This deeply nested structure calculates average electronics prices, filters order items, then orders, then customers—all in a way that requires mental gymnastics to follow.

What is a Common Table Expression?

A CTE is a named temporary result set that exists only for the duration of a query. Defined using the WITH keyword, CTEs act like temporary views that you can reference multiple times within the same statement.

Here’s a simple example:

WITH avg_salary AS (
    SELECT AVG(salary) as average
    FROM employees
)
SELECT e.employee_id, e.name, e.salary
FROM employees e
CROSS JOIN avg_salary
WHERE e.salary > avg_salary.average;

The CTE avg_salary calculates once and can be referenced as many times as needed in the main query.

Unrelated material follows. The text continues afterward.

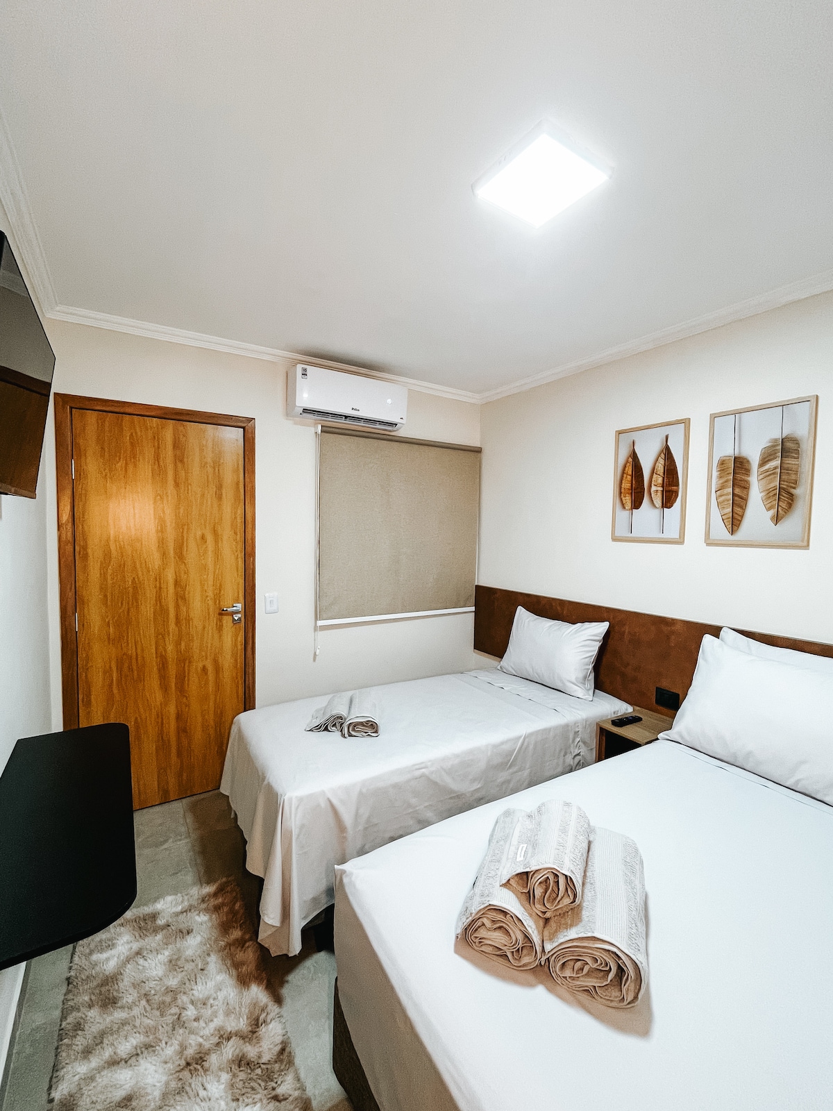 Apto Bem-te-vi - n°01 - RecantobemteviTL - É tipo Kitnet, Camas BOX LUXO CASAL e SOLTEIRO com lençol e toalhas premium. Mesa com cadeiras, Cabideiro aberto com prateleiras. Cozinha:frigobar fogão cooktop cafeteira chaleira sanduicheira panela de arroz frigideira e kit cozinha. Ar Condicionado 12 mil BTUs. Piscina sem grades, Garagem e Lavanderia compartilhados com Jardim. Diferencial Faxina e troca enxoval a cada 7 diárias! Valor para uma pessoa até 3 hóspedes. Próximo a UFMS, AEMS e Havan.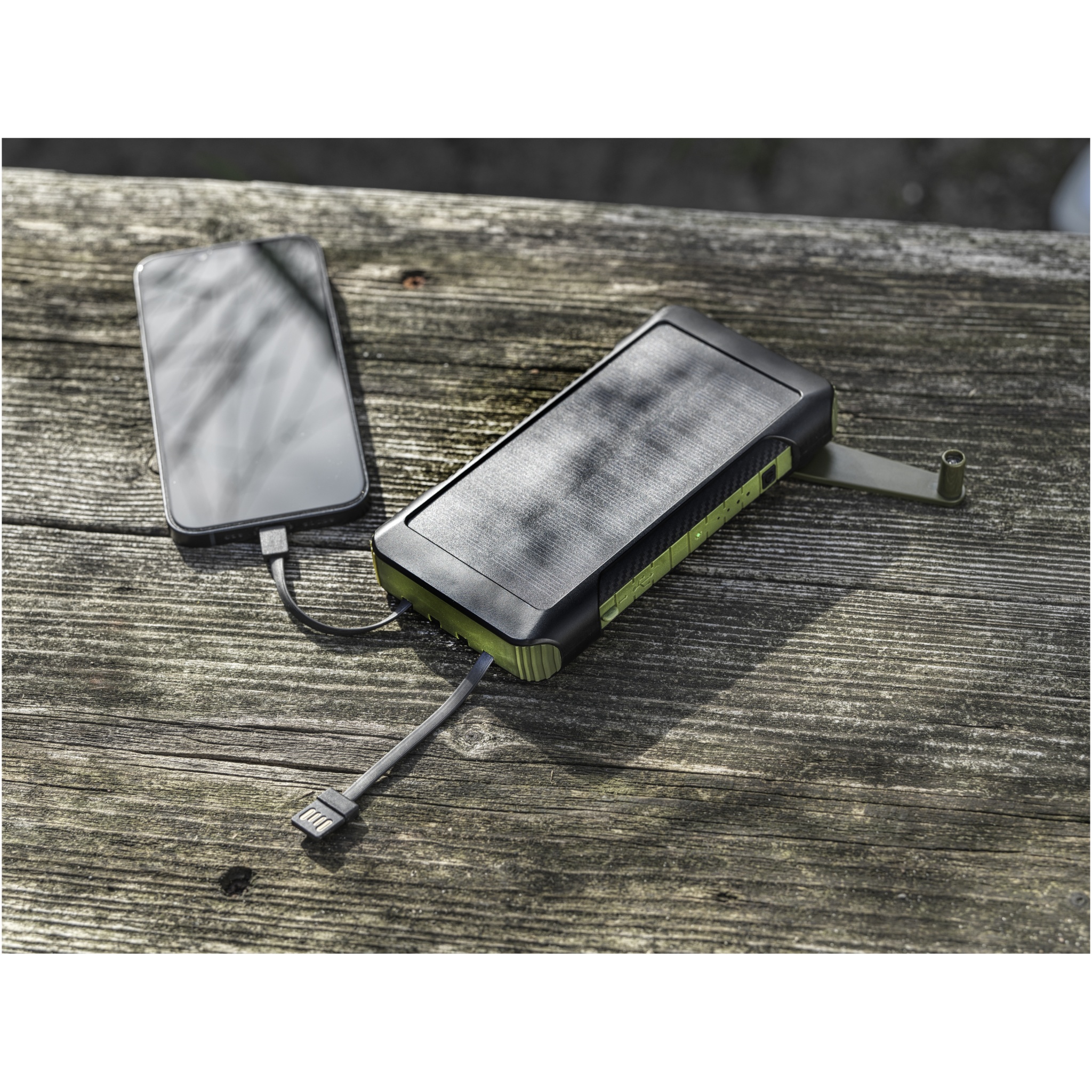 10 000 mAh:n aurinkovoimalla ladattava Soldy-varavirtalähde on valmistettu kierrätetystä RCS-muovista, ja se on ihanteellinen lataukseen ulkona. Siinä on käsikäyttöinen kampidynamo, joka tuottaa tehoa manuaalisesti siltä varalta, että virta loppuu eikä auringonvaloa ole. Varavirtalähdettä voidaan ladata myös laitteen Type-C- tai micro-USB-portin kautta. Tässä varavirtalähteessä on sisäänrakennetut latauskaapelit, joissa on Type-C-, iOS-, USB-A- ja mikro-USB-liittimet, joten sen avulla voi ladata useimpia älypuhelimia, kameroita, varavirtalähteitä, kuulokkeita jne. Varavirtalähteen enimmäislähtöteho on 2,4 A per portti. Tulotehon raja on 2 A. Mukana tulee käyttöohje ja 30 cm:n USB-A to Type-C -latauskaapeli, ja varavirtalähde on pakattu 100-prosenttisesti kierrätettyyn voimapaperilaatikkoon.

CTEs truly shine in multi-step transformations:

WITH sales_per_customer AS (
    SELECT customer_id, SUM(amount) as total_spent
    FROM orders
    GROUP BY customer_id
),
top_customers AS (
    SELECT customer_id
    FROM sales_per_customer
    WHERE total_spent > 5000
)
SELECT c.*
FROM customers c
INNER JOIN top_customers tc ON c.customer_id = tc.customer_id;

This query builds logic incrementally: calculate totals, filter for high spenders, then enrich with full customer details. Each step is clear and follows a logical progression.

When to Use CTEs

1. Readability and Organization Matter

Your code is read far more often than it’s written. When a query involves complex logic, CTEs make that logic transparent.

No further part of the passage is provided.